▸ **What is required**: Without including any images, repeat the listing below exactly.

▸ **Data excerpt**:
-------------------------

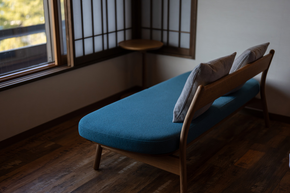 素足でゆっくりくつろげる板の間。小上がりに3つの寝具+心地よいソフアはベッドに早替り、37㎡の広さの客室は、使い勝手と心地よさにこだわった、
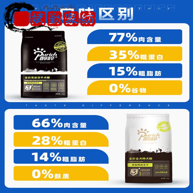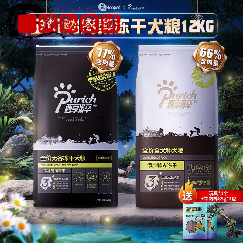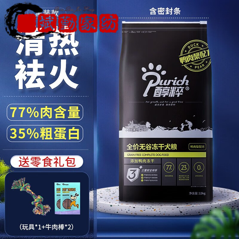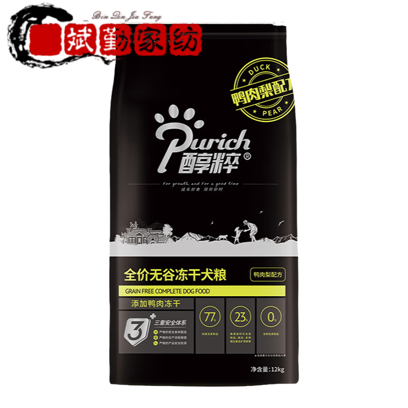 醇粹(Purich)黑色标冻干通用型狗粮鸭肉梨12kg0谷物金标纯粹泰迪全犬干粮 12k 【黑装款】鸭肉梨冻干狗粮【77%
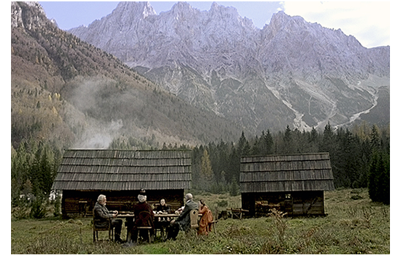 そんなある日、フランクフルトから届いた手紙をペーターが届けにくる(1枚目の写真)〔アルムおじさんに手紙を渡すのは、宛先の「ハイジ」という字が読めないから〕。祖父は、「お前さんにだ。フランクフルトから」と言って(2枚目の写真)、手紙をハイジに渡す。ハイジがびっくりするところで画面はフルンクフルトに変わるが、手紙にはクララと祖母と医者がハイジの元を訪れると書いてあった。そして、実際に山小屋までやって来た3人。アルムおじさんはテーブルを家の外にしつらえ、素朴だが新鮮な食事でもてなす(3枚目の写真)〔小屋から出すにはテーブルを分解しないと無理なので、大変な歓待だ〕。この場で、おじさんは、クララが望むなら、夏中ここに泊まればいいと勧める。
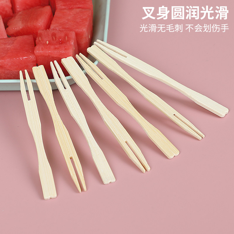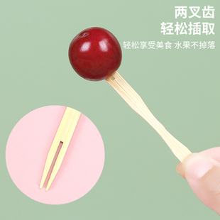 双枪竹水果叉水果签蛋糕叉食品叉点心叉小吃叉家用无漆无蜡牙签

-------------------------

▸ **Written solution**:
 素足でゆっくりくつろげる板の間。小上がりに3つの寝具+心地よいソフアはベッドに早替り、37㎡の広さの客室は、使い勝手と心地よさにこだわった、
 醇粹(Purich)黑色标冻干通用型狗粮鸭肉梨12kg0谷物金标纯粹泰迪全犬干粮 12k 【黑装款】鸭肉梨冻干狗粮【77%
 そんなある日、フランクフルトから届いた手紙をペーターが届けにくる(1枚目の写真)〔アルムおじさんに手紙を渡すのは、宛先の「ハイジ」という字が読めないから〕。祖父は、「お前さんにだ。フランクフルトから」と言って(2枚目の写真)、手紙をハイジに渡す。ハイジがびっくりするところで画面はフルンクフルトに変わるが、手紙にはクララと祖母と医者がハイジの元を訪れると書いてあった。そして、実際に山小屋までやって来た3人。アルムおじさんはテーブルを家の外にしつらえ、素朴だが新鮮な食事でもてなす(3枚目の写真)〔小屋から出すにはテーブルを分解しないと無理なので、大変な歓待だ〕。この場で、おじさんは、クララが望むなら、夏中ここに泊まればいいと勧める。
 双枪竹水果叉水果签蛋糕叉食品叉点心叉小吃叉家用无漆无蜡牙签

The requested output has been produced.